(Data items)
....

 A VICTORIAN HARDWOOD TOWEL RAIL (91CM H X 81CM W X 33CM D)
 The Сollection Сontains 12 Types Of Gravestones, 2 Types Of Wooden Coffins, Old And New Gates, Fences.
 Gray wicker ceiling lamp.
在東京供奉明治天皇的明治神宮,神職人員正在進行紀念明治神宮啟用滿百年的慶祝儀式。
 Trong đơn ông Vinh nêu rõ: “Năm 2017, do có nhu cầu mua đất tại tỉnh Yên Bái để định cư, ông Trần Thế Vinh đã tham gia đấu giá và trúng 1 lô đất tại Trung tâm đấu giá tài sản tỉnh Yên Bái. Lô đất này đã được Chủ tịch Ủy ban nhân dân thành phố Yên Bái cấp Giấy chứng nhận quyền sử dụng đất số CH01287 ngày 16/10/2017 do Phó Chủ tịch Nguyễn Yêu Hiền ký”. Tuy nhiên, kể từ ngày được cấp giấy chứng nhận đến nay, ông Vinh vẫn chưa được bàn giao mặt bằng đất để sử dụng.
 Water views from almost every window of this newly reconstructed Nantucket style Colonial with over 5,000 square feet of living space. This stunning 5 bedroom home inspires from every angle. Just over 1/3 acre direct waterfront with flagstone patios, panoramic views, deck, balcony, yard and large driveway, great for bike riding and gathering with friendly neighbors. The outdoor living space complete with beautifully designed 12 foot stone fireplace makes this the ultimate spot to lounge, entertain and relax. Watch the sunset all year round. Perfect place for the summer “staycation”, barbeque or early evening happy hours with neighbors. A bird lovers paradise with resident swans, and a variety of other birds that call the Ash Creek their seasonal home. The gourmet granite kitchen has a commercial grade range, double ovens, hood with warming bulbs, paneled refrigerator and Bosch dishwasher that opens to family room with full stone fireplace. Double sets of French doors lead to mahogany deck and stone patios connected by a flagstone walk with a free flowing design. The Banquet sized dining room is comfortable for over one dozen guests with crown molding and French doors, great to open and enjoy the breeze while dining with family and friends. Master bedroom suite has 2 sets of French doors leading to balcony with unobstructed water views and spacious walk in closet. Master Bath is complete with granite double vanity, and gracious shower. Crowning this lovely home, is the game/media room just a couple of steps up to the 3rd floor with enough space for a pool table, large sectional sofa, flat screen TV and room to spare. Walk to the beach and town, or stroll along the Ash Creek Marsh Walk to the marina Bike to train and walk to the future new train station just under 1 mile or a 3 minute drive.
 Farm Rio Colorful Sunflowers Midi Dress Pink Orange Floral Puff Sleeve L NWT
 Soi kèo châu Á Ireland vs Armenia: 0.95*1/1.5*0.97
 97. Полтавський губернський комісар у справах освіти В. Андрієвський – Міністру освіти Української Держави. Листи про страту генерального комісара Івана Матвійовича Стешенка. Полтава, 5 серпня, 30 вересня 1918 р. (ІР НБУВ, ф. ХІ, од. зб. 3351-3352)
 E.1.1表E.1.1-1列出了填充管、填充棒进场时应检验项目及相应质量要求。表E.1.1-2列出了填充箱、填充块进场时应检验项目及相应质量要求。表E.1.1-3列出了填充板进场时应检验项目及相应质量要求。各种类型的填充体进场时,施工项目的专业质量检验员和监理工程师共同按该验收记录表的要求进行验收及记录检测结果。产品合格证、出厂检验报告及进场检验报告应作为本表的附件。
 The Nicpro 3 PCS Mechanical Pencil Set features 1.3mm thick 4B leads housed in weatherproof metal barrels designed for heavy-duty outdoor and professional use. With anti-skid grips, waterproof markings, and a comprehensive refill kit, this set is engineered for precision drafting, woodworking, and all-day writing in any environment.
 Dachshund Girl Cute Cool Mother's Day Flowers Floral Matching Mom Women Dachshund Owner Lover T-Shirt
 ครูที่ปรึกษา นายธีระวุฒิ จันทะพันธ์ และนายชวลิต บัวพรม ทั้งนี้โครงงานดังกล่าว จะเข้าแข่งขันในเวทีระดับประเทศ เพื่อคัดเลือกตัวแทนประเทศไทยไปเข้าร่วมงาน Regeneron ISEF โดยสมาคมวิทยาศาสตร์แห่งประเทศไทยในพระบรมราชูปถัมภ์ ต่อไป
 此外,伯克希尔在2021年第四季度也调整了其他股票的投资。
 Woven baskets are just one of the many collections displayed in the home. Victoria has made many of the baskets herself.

....

What is needed
Show, from the entries above, every line that includes the string "Floral".

Written answer
 Farm Rio Colorful Sunflowers Midi Dress Pink Orange Floral Puff Sleeve L NWT
 Dachshund Girl Cute Cool Mother's Day Flowers Floral Matching Mom Women Dachshund Owner Lover T-Shirt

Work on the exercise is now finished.